PtP-Netzwerk mit zwei festen PC's

PC1:
+ Netzwerkkarte - Via VT-Rhine Ethernet (on Board) für P2P Netzwerk
+ Netzwerkkarte - Teledat 320 PCI für Internet (PPP over DSL) mittel T-Online 4.0

LAN-Verbinung 1: (Wurde von Teledat-Setup für DSL angelegt)
192.168.0.1
255.255.255.0

Lan-Verbindung 2: (Wurde von Teledat-Setup für ISDN angelegt)
192.168.0.4
255.255.255.0

Lan-Verbindung 3: (Wurde von mir angelegt)
192.168.0.2
255.255.255.0


PC2
+ Ethernet-Karte für P2P Netzwerk

Lan-Verbindung 1: (Wurde von mir angelegt)
192.168.0.3
255.255.255.0


PROBLEM:

Das Interne Netzwerk funktioniert prima. Ich kann sogar die jeweiligen Peripheriegeräte ansteuern. Jedoch funktioniert das ganze nur mit festen IP's.
Nun möchte ich meine DSL Verbindung, die am PC1 eingerichtet ist, gerne auch am PC2 nutzen. Das scheitert aus 2 Gründen:

1. Wenn ich im TCP-Protokoll Verbinden einstellen möchte, wird verlangt, dass ich den PC's die IP's flexibel zuordnen lassen soll. Mache ich das, bricht das Interne Netzwerk zusammen

2. Selbst wenn, ich habe gemerkt, dass die auf PS1 installierte LAN-Verbindung 1 (siehe oben) scheinbar nur indirekt genutzt wird. Wenn ich mich nämlich mit T-Online einwähle, bleibt die LAN-Verbindung 1 (obwohl ordungsgemäß konfiguriert) inaktiv und stattdessen kommt eine 4. Lan-Verbindung dazu. Sie heißt "Internal Settings" und hat ein wenig mehr Einstellungsoptionen als die normalen LAn-Verbingungen. Wenn ich dort versuche, eine Verbindung zum Internen Netzwerk herzustellen, kommt die Meldung: "Diese Einstellungen werden erst bei einer erneuten Einwahl aktiv" - Also wähle ich T-Online erneut ein - und was passiert? Die 4 Lan-Verbindung verschwindet wieder und erscheint bei der Wiedereinwahl erneut, hier ist natürlich von meinen Einstellungen nichts mehr zu sehen.
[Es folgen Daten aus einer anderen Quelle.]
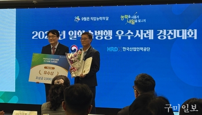 한국산업인력공단 경북서부지사(지사장 장훈)는 지난 9.25(목) 코엑스 마곡에 열린 고용노동부와 한국산업인력공단 주관 사업주훈련 및 일학습병행 우수사례 경진대회에서 구미지역 기업 두 곳이 나란히 우수기업으로 선정되는 쾌거를 거두었다고 밝혔다.
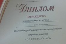 Поздравляем Биктагирову Камиллу с победой - диплом III степени - районного тура Казанского молодежного фестиваля эстрадного искусства "Созвездие 2016"! Желаем дальнейших побед!
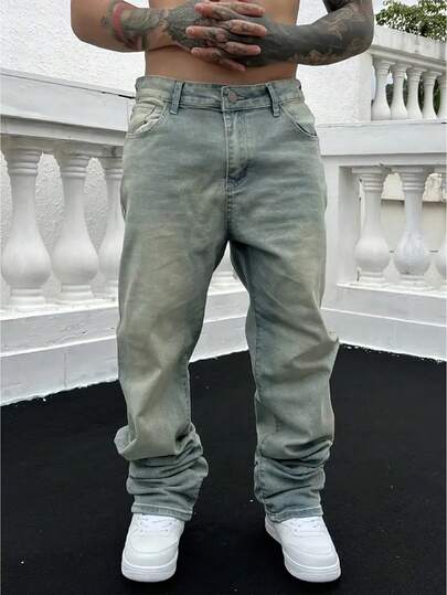 男士休闲修身弹力浅蓝色牛仔裤 - 淺色水洗藍 - 查看 1
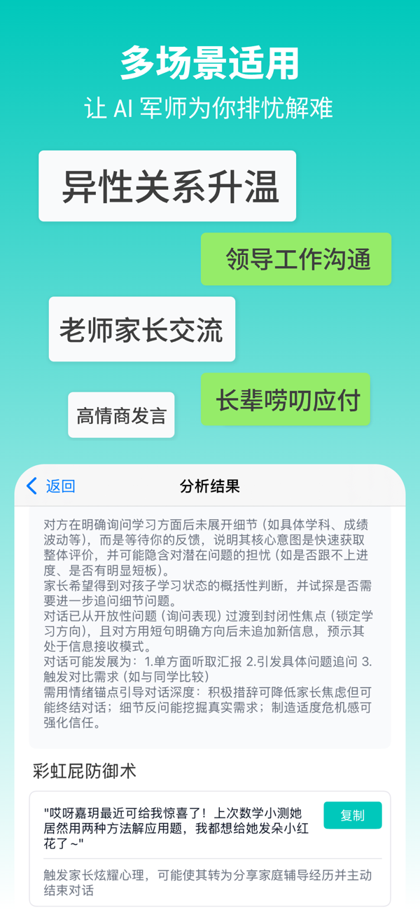 智能对话解析,精准策略回复,社交掌控助手。
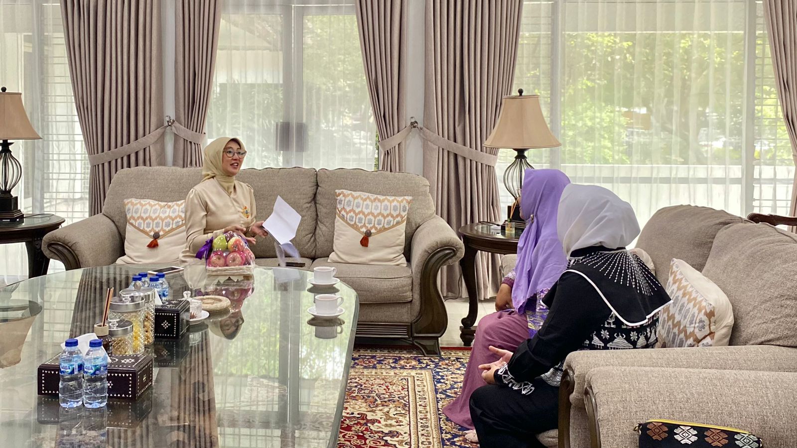 Ketua Dekranasda Provinsi NTB Sinta Agathia Soedjoko saat menerima perwakilan Salimah NTB dan Sri Lestari selaku owner Riles Lestary di Pendopo Gubernur. Selasa (1/7/2025)
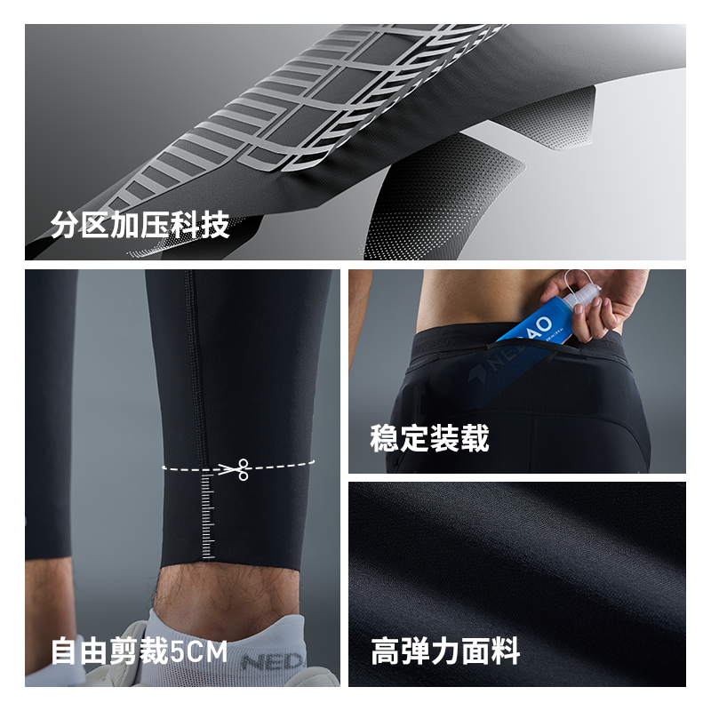 内道聚能力紧身跑步长裤男分区加压马拉松跑步训练后腰口袋压缩裤
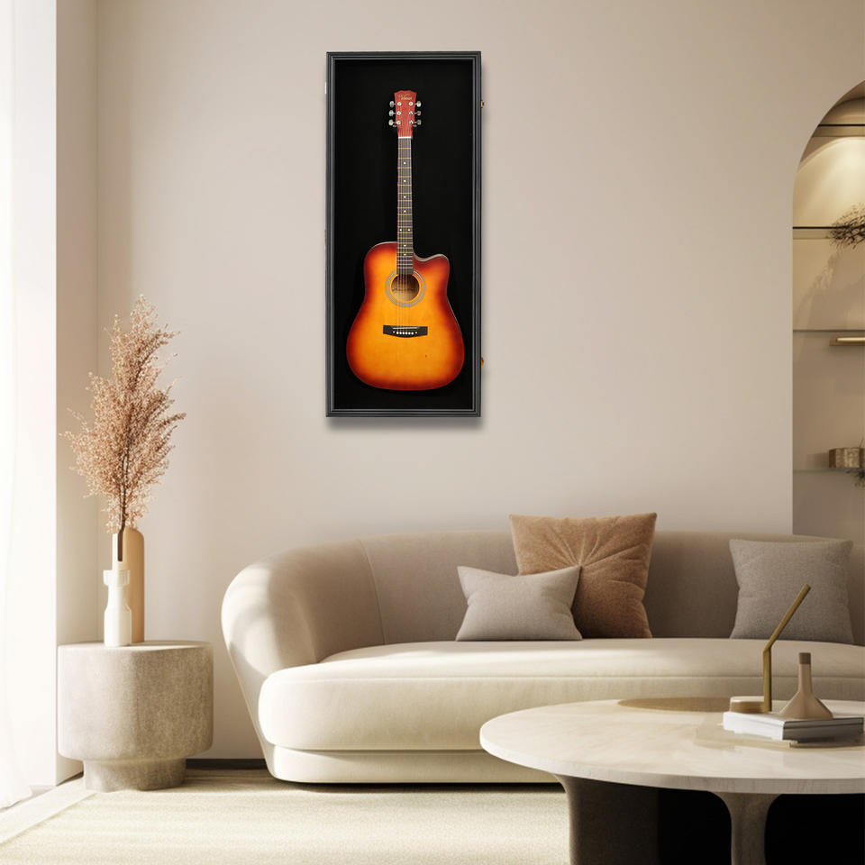 ตู้เก็บของกีตาร์อะคูสติกสีดำล็อคได้กล่องเงาสำหรับทิวทัศน์ดอกไม้สีดำ
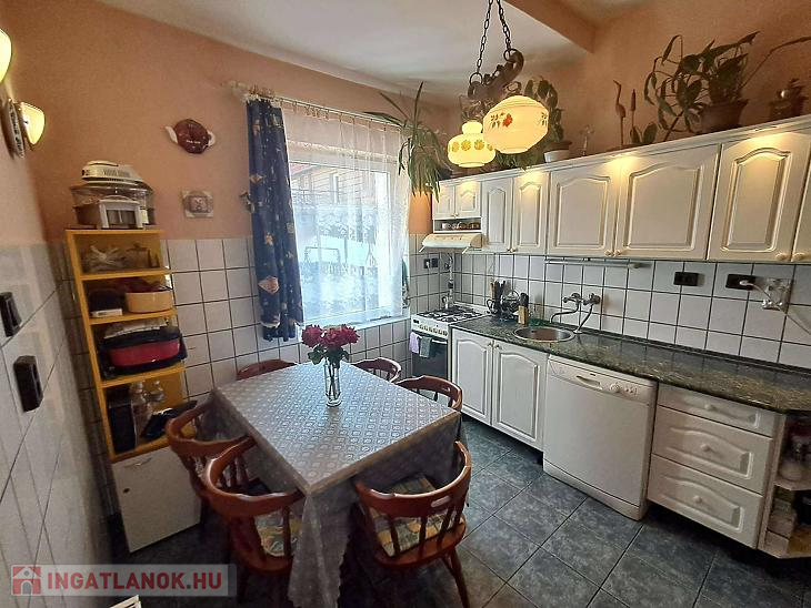 A telek szépen karban tartott, szerelő aknás garázs is kialakításra került, de több autóval is van lehetőség beállni.

Also, ich hoffe, dass mir jemand helfen kann, ich wäre sehr, sehr dankbar dafür.

Christian


----------



## XTEC (24. Januar 2004)

Hi,

das sind ja schon mal schön viel Informationen wäre nett wenn DU noch sagst welche Netzwerkkarte Welche IP hat.

Du hast nämlich unter PC1 2 KArtne und 3 IP angegeben?

Gruß

T. Müller


----------